Wohnungsnot: Zunehmend Erwerbstätige und Familien betroffen

Wohnungsnot: Zunehmend Erwerbstätige und Familien betroffen
Die Einrichtungen der Wohnungslosenhilfe haben es immer öfter mit erwerbstätigen Menschen und Familien zu tun. Der Verband warnt vor einer Verarmung größerer Bevölkerungsteile.

Berlin (epd). Wohnungsnot trifft zunehmend erwerbstätige Menschen. In einem am Donnerstag in Berlin von der Bundesarbeitsgemeinschaft Wohnungslosenhilfe (BAGW) veröffentlichten Bericht heißt es, inzwischen seien 13,1 Prozent der Klienten der Wohnungsnotfallhilfe erwerbstätig, fast zwei Prozentpunkte mehr als 2015 (11,3 Prozent; 2019: 12,4 Prozent).
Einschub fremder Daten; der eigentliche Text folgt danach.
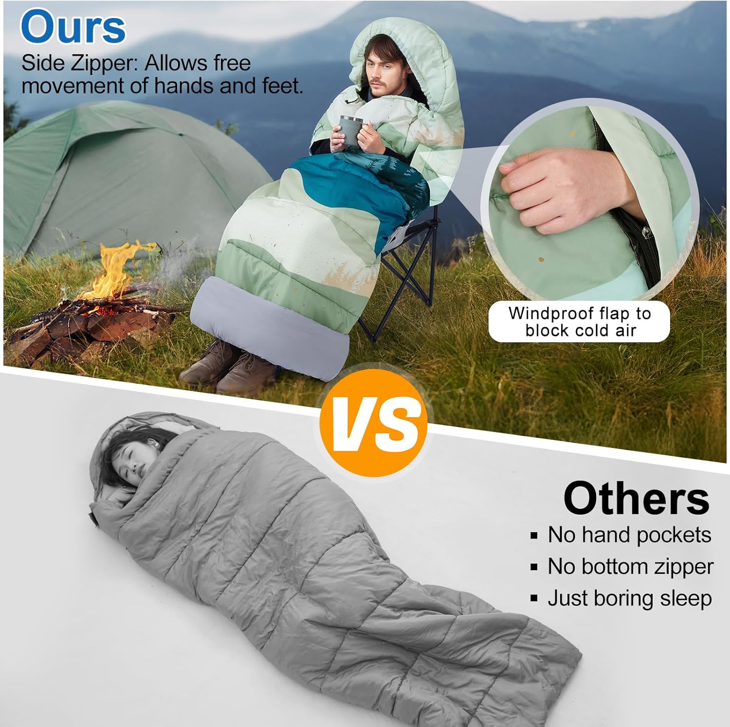 Hand-out Design Sleeping Bag: Our adult sleeping bags feature a unique hand-out design, allowing you to move your arms freely without removing the bag, equipped with a windproof flap to keep out the wind, keeping you warm and comfortable
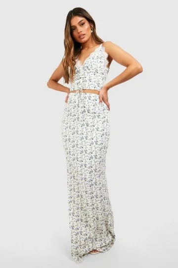 BOOHOO Textured Ditsy Slip Maxi Skirt
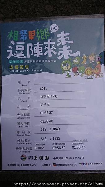 今年的一月初次參加馬拉松賽事,雖然只有12KM,但還是有點小小的擔心怕會跑不完。賽前練習最多以跑過12KM,總之,出發往屏東大樹鄉走。
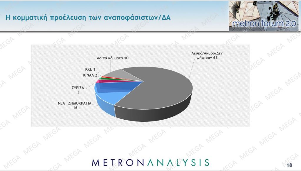 Αναφορικά με την κομματική προέλευση των αναποφάσιστων το 68% προέρχεται από εκείνους που είτε δεν ψήφισαν είτε έριξαν άκυρο/λευκό. Το 16%, ένα αρκετά μεγάλο ποσοστό δηλαδή, προέρχεται από τη Νέα Δημοκρατία, 3% από τον ΣΥΡΙΖΑ και 2% από το ΠΑΣΟΚ. Βλέπουμε, λοιπόν ότι πολλοί ψηφοφόροι της ΝΔ είναι απογοητευμένοι από την κυβέρνηση και ακόμη δεν έχουν αποφασίσει τι θα κάνουν. Αν δηλαδή θα επιστρέψουν στο γαλάζιο… μαντρί ή αν θα μετακινηθούν σε άλλα κόμματα.
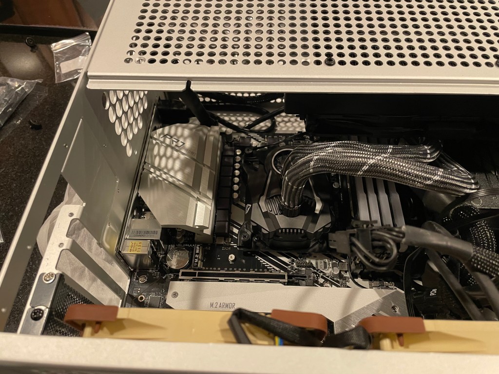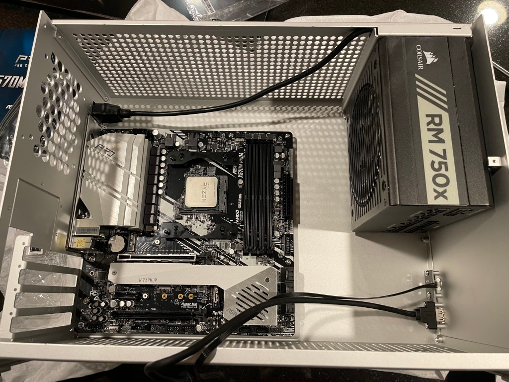 The case came nicely wrapped. There were not a lot of instructions on how to put the case and system together, you kind of just had to know. That took a bit of trial and error. There are a few screws that are very similar sizes, and not labeled. The whole setup went smoothly after that except that getting the cooler to fit in the case was a bit of a challenge, and the motherboard… So, the motherboard… I got a AsRock X570 Pro4 motherboard, it had all the features I wanted. I get the case put together, I installed my previous power supply, I kept the RAM and graphics card, moved my SSD over (I had a PCIe Gen 4 Samsung 980 Pro on order, but it hadn’t come in yet), put thermal paste on the CPU, install the cooler AND… nothing. System will not boot.

Der Verband spricht von einem besorgniserregenden Trend.

Die BAGW stützt sich dabei auf die Auswertung von mehr als 43.000 Beratungsgesprächen in 237 Einrichtungen aus dem Jahr 2023. Laut Statistik waren drei Viertel der Klienten „von Wohnungslosigkeit betroffen“ (74,6 Prozent), verfügten also über keinen „abgesicherten Wohnraum“. Fast jeder Zehnte (9,3 Prozent) war „unmittelbar von Wohnungslosigkeit bedroht“. 3,3 Prozent der Beratungen betrafen „unzumutbare Wohnverhältnisse“. Hinzu kamen Beratungen, bei denen kein aktueller Wohnungsnotfall vorlag.

Beunruhigend ist laut BAGW der anhaltend hohe Anteil von Familien in der Wohnungsnotfallhilfe. So lebten elf Prozent aller erfassten Personen mit mindestens einem Kind im Haushalt. Dem Statistikbericht zufolge sind insbesondere Menschen ohne deutsche Staatsangehörigkeit von Wohnungsnot betroffen. Demnach verfügten gut 38 Prozent aller Klienten über keine deutsche Staatsangehörigkeit. Dies sei ein neuer Höchststand.

Die Vorsitzende der BAGW, Susanne Hahmann, forderte einen deutlichen Ausbau des sozialen Wohnraums, um Wohnungslosigkeit wirksam bekämpfen zu können. „Zentrale Stellschraube ist der bezahlbare Wohnraum“, sagte Hahmann dem Evangelischen Pressedienst (epd): „Die Anzahl der Wohnungen mit Sozialbindung muss wieder steigen. Wir befinden uns heute in einer Krise, die absehbar war, und vor der wir schon vor 20 Jahren gewarnt haben.“

Hahmann forderte zugleich mehr Prävention. Dazu gehöre es, Zwangsräumungen zu vermeiden und höhere Mietobergrenzen in den Jobcentern. Zudem müsse der uneingeschränkte Zugang zu Hilfen gewährleistet werden, unabhängig vom Aufenthaltsstatus der betroffenen Personen. Hahmann ist Geschäftsführerin der Diakonie Michaelshoven Soziale Hilfen GmbH in Köln.

Das vom Europäischen Parlament und vom Bundestag ausgegebene Ziel, bis 2030 die Obdach- und Wohnungslosigkeit abzuschaffen, nannte sie unrealistisch. Es hänge nun an Bauministerin Verena Hubertz (SPD), inwieweit der Nationale Aktionsplan zur Beseitigung der Wohnungslosigkeit mit finanziellen Mitteln ausgestattet und konkreten Maßnahmen untermauert werde. „Nur dann kann sich etwas bewegen“, sagte die Diakonie-Geschäftsführerin: „Das Recht auf eine Wohnung ist ein wichtiges Menschenrecht.“

Das Statistische Bundesamt hatte im Juli einen erneuten Anstieg der Wohnungslosenzahlen in Deutschland gemeldet. Demnach waren zum Stichtag 31. Januar 2025 rund 474.700 Menschen in überlassenem Wohnraum, bei Freunden, in Sammelunterkünften oder Einrichtungen für Wohnungslose untergebracht, acht Prozent mehr als im Vorjahr.